After spending a good half-hour trying to fix this guy’s problem, I finally had him reboot the system and the problem cleared up. When he demanded I tell him what might have gone wrong, I told him that sometimes, hardware just has the equivalent of brain farts, and you have to reboot to clear them. He wasn’t happy with this answer and called the CEO.
Here’s the thing, though: I’ve learned since then that computer software and hardware does sometimes just fail for no discernible reason. Sometimes it has a brain fart, and you have to reboot it.
It’s a fact of life. And why? Because the entire edifice of hardware and software is a precariously-balanced inverted pyramid that is only kept working by the tireless attention of millions of people. Let me explain:
There’s a reason folks didn’t build ’em this way
Down at the bottom, there? The point on which all computer systems rest is a little switch that either turns on or off.

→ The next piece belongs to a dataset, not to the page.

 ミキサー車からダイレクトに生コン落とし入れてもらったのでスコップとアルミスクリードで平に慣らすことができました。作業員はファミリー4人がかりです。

I know you’ve almost certainly heard it before, but it’s important to remember: No matter how sophisticated a computer system is, down at the bottom, it’s just a bunch of switches turning on and off. That’s all. When you turn on your tablet and the screen lights up, it’s just tens of millions of switches inside turning on and off telling the electronics what to do. All web sites are, at bottom, controlled by millions of switches flipping on and off. Yes, it sounds insane, but it works.

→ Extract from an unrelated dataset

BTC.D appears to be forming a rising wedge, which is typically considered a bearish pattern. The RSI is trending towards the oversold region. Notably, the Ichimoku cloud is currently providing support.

Back in the day, it was actual physical switches (eg vacuum tubes) that people literally switched on and off by hand in order to “program”. What’s happened over time is that the switches have gotten microscopic, and the systems that turn them on and off more sophisticated. But to repeat myself: The point of that inverted pyramid is just switches going on and off.
The next layer of the pyramid is “machine language”, which is a stream of ones (on) and zeros (off) sent directly to the switches. On top of that is a whole host of languages converting pseudo-english into those ones and zeros. On top of that is a host of languages that talk to those languages. And on top of that are the programs you run every day on your laptop, phone, car, or whatever. We are adding to those pyramid layers all the time, and at this point the pyramid is huge, and world-wide. And still balanced on a point.
Sometimes, a switch fails, or a program has an error and sends the wrong signal to a switch and it gets turned on when it should be off. Or a user (that’s you, kids!) sends a command into this giant edifice that the programmers haven’t anticipated, and it causes an unusual situation. When that happens, one of the blocks of the pyramid gets knocked out, and the thing goes off balance. And when the whole thing is balanced on a point, it can go off balance pretty badly, and your phone or laptop or whatever hangs.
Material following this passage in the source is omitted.